Principal investigator Rose is working with Zhijun Yin, Ph.D., M.S., from the department of Biomedical Informatics and Computer Science, to establish a “measuring stick” for chatbot safety and reliability. Development of the rating system is being system supported by ARPA-H funding and may transform how healthcare systems assess and select AI tools, Rose said.
Assessment Framework
V-CARES evaluates chatbots that are based on large language models (LLMs) and trained on vast amounts of text to understand and generate human-like responses. Chatbots can provide fast, personalized responses that may be more useful than static medical information on websites like Mayo Clinic or Cleveland Clinic. But the quality of chatbot information can also be harder to verify, with chatbots known to sometimes “hallucinate,” providing answers with incorrect information, missing details, or inserting unauthorized preferences or beliefs.
“As healthcare systems increasingly use chatbots to do different kinds of work, we need a way to assess their quality.”
While some LLMs, like Microsoft’s Copilot, provide references for their answers, most – including OpenAI’s ChatGPT and Google’s Gemini – do not, making quality assessment more challenging for non-experts.
The new V-CARES system will include a rating system for existing LLMs and establish standards for the quality of those used in healthcare settings.
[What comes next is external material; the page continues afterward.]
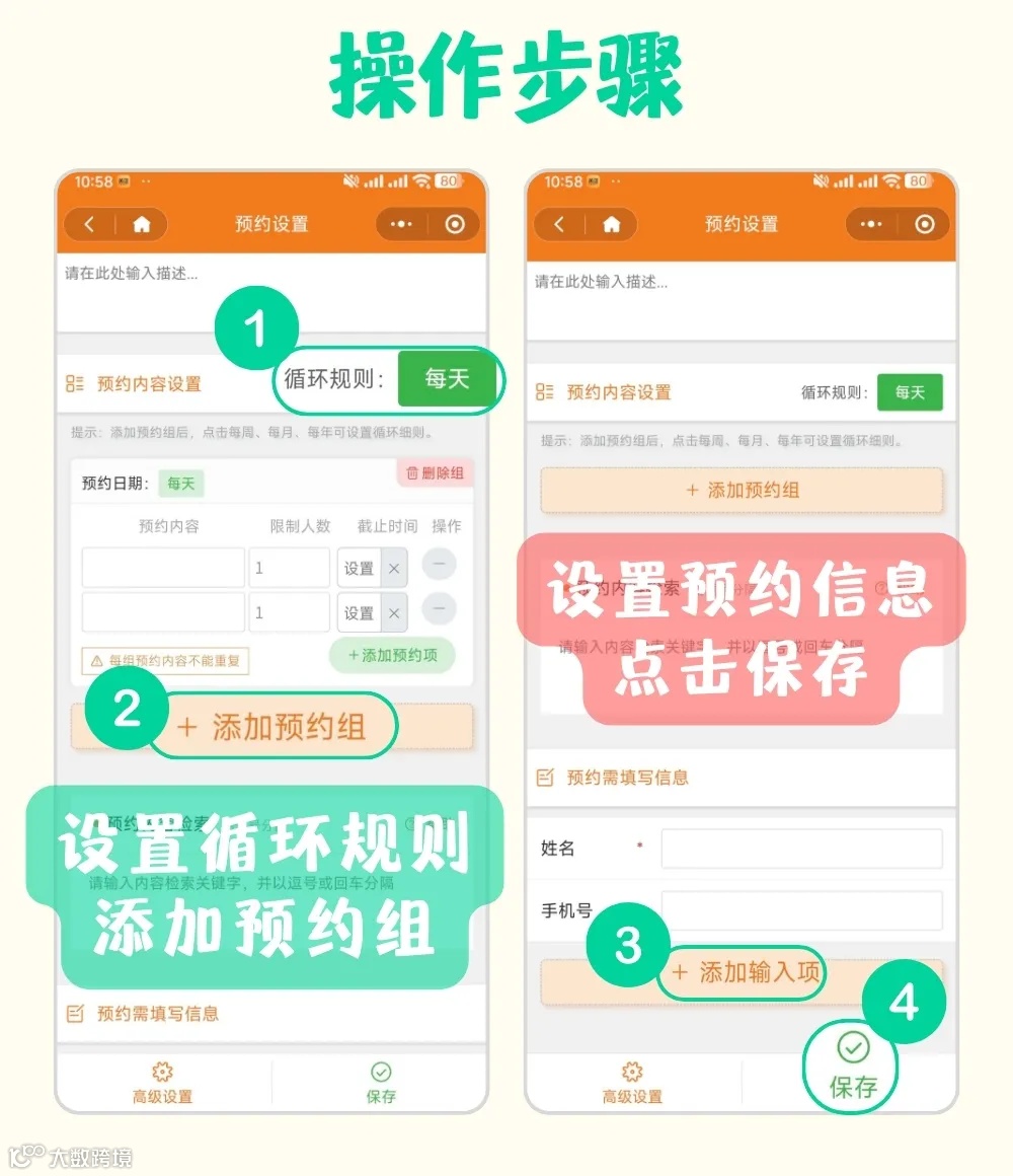 3、先设置循环规则、添加预约组(可自定义预约内容和限制人数),下滑设置预约时学员需填写的信息(填写信息可设置多种类型,信息可以设置不能重复,填写的信息可以设置有效性验证),点击保存即可完成创建

This means physicians, healthcare organizations and insurance companies could make better informed decisions about which LLMs are safe and most effective.
Human-Centered Development
For their first case study, V-CARES will incorporate feedback from approximately 400 patient participants with diagnosed with mental illnesses, including major depression and anxiety. Other feedback will come from medical professionals, mental health specialists and community members.
The researchers will use these responses to detect hallucinations, omissions and misaligned values in LLMs in the initial study using diverse input to ensure the V-CARES system considers both technical accuracy and real-world clinical utility.
Rose highlighted said her team’s approach stands out as “equally weighted between the human side and the AI side.”
This human-centered approach “democratizes the standards” being developed for evaluation.
Creating Market Pressure
Beyond providing transparency for patients and healthcare providers, V-CARES could create market pressure for technology companies to improve commercial LLM systems.
“If a company knows they received a rating of C+ for medical-related content, this may motivate them to improve their product,” Rose noted, adding that it could help drive competition based on quality, rather than just interface design or marketing.
“If a company knows they received a rating of C+ for medical-related content, this may motivate them to improve their product.”
The project, which launched in September 2024, is funded by ARPA-H to deliver quick, iterative product development. The team expects to complete its first evaluation framework for depression and anxiety applications within a year.
Following validation in mental health applications, the system will expand to assess chatbots across other medical domains. Moving forward, V-CARES could help healthcare organizations make more informed decisions about which AI tools to implement, improving trust and empathy with AI tools.